Ask HN: What's the best interview process you've had? - inform880
I blew up at a recruiter who was trying to get me to take a BS IKM test. I am awful at taking tests, and I&#x27;ve worked long enough you&#x27;d think they believe I knew how to code.
======
mikece
Recruiters are just doing their job. If you don't want to take tests, that's
your prerogative. Demand for talented devs is so hot you can get away with it.

As for the _best_ interviews: probably the interviews that I thought were just
a conversation over a beer or coffee that I didn't realize was an interview
until half-way through... or until the person (the person with hiring
authority) point-blank offered me a spot on their team.

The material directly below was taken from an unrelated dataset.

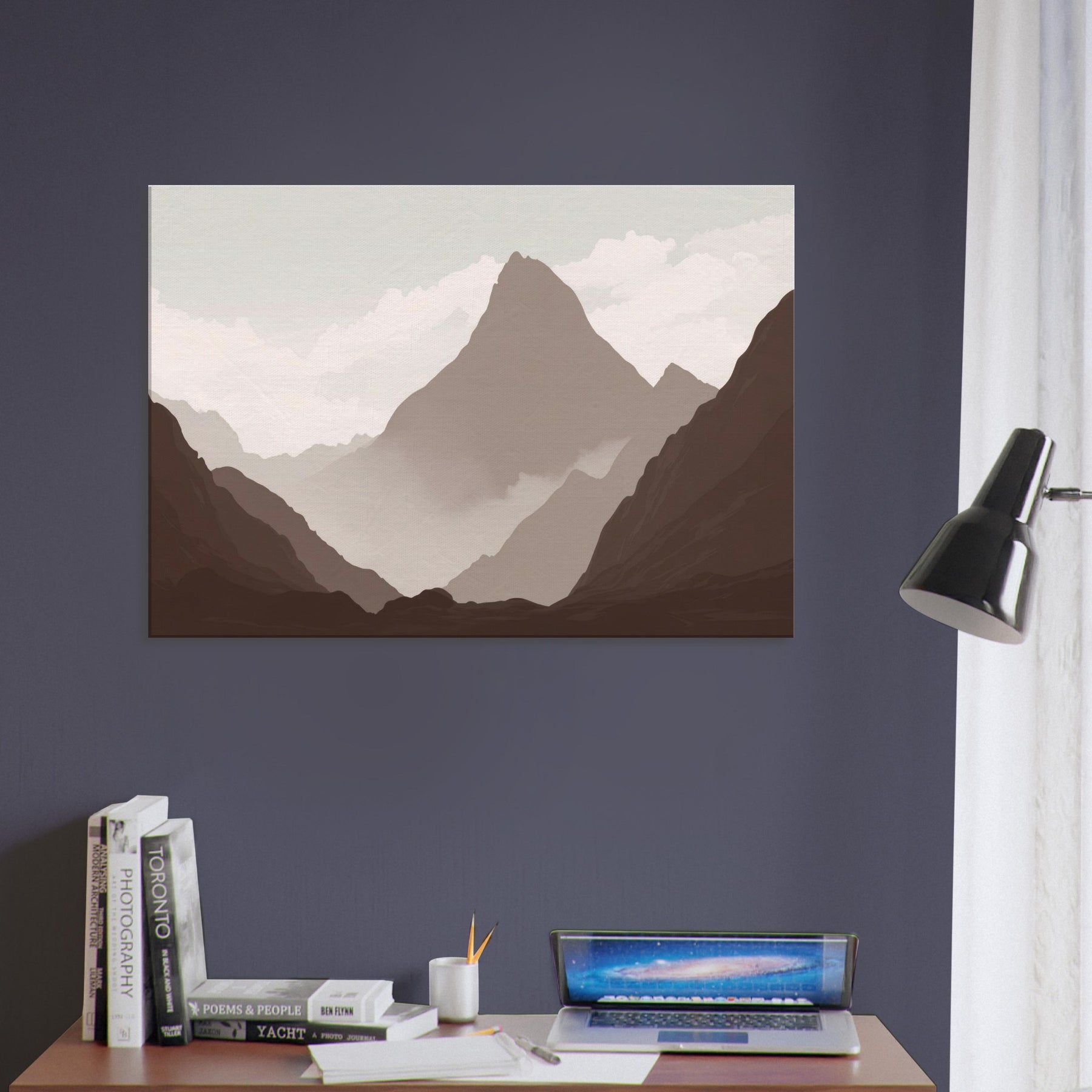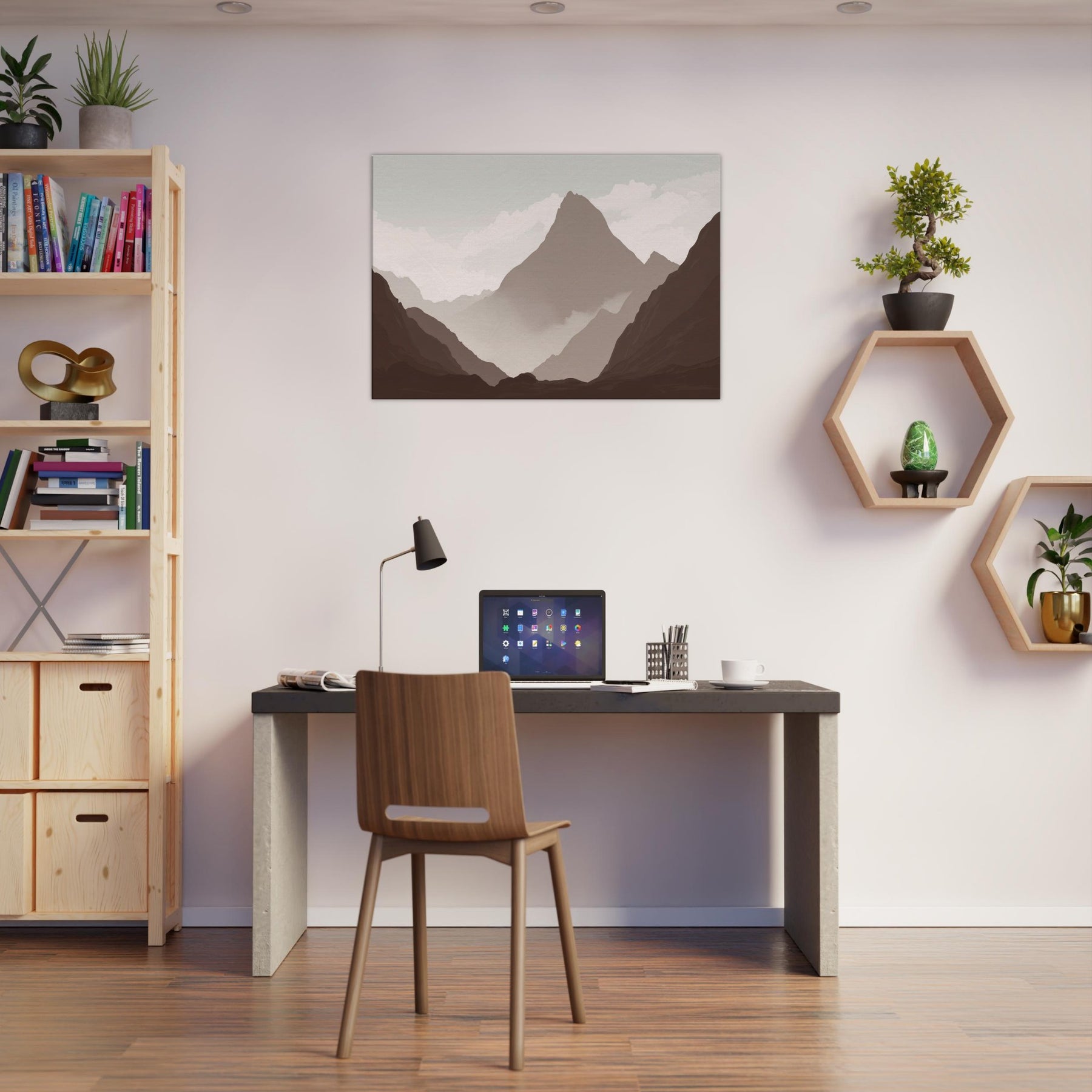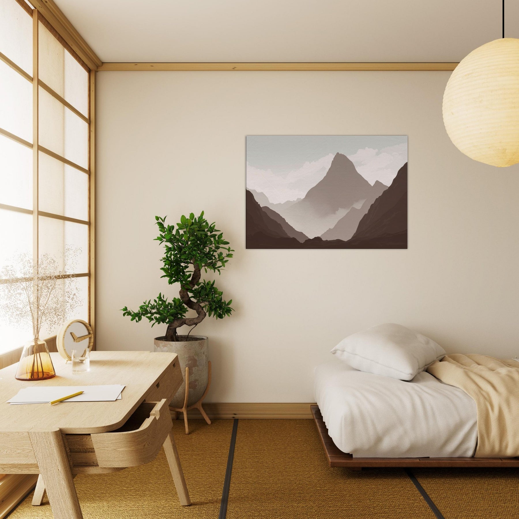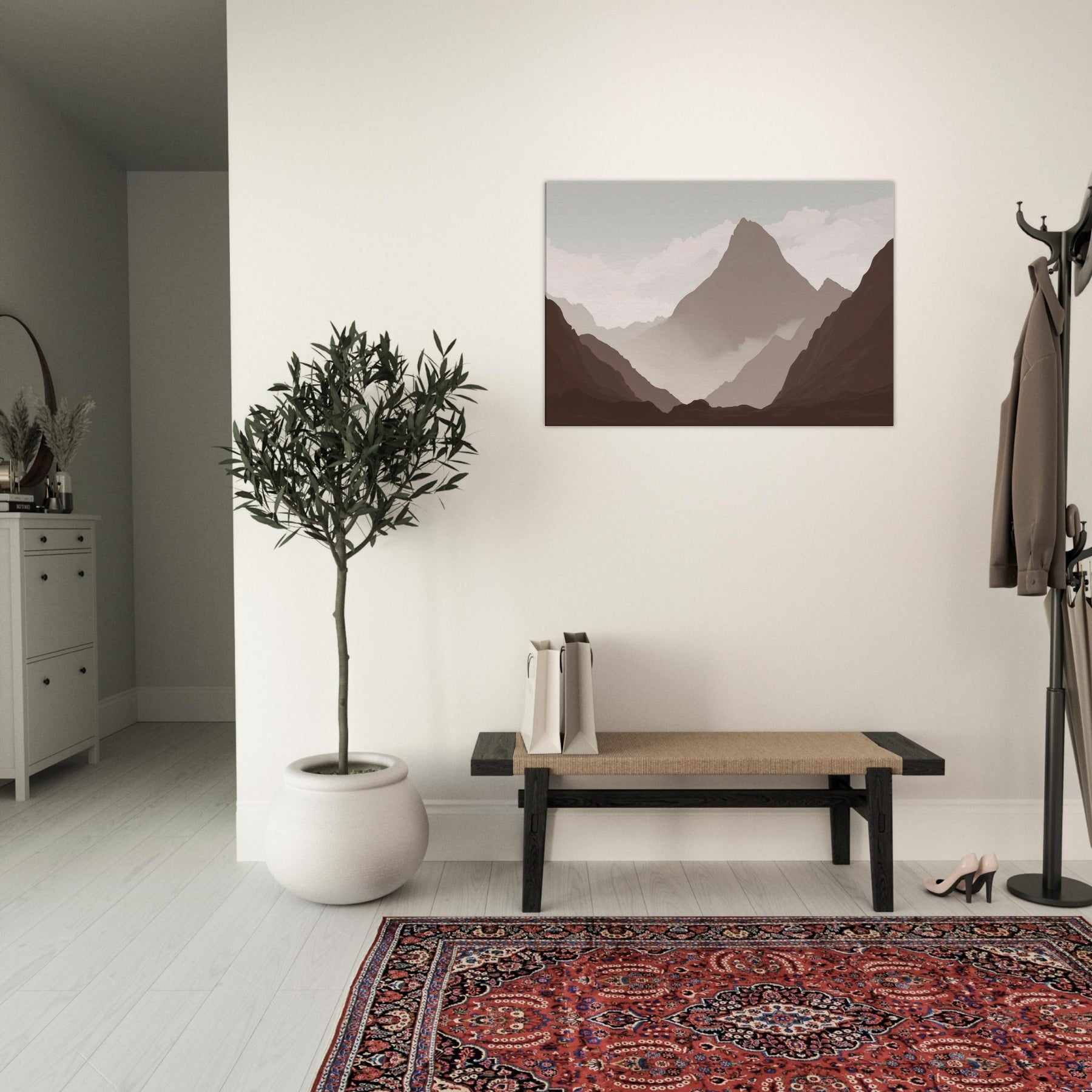 This Canyon scene unfolds with quiet grandeur, softened by pale gradients and gentle edges. The air feels crisp, the valley breathes with distant wind, and mist clings to the basins like whispered memory. Created to invite stillness, it pairs beautifully with warm woods or cool neutrals, elevating a living room or study. In its pared back form, the canyon becomes a meditation a place to pause, breathe, and let the space breathe with you.

This gets to another point about which I've been meaning to blog: the articles
about "the best languages for getting hired in 2020" overlook or ignore the
importance of the human network. How many recruiters you know and how
frequently you stay in contact to keep up with local market demand even when
you're not looking for a job is invaluable. Not every company puts out their
openings to all recruiters: it's always best to cast a wide net and
intelligently analyze the companies/positions/offers. Recruiters deal in this
market every day all day... tap their knowledge for all it's worth and offer
to present lunch & learn talks at their offices to make them better informed
about technology (which makes them think of YOU first when premium openings
cross their desks).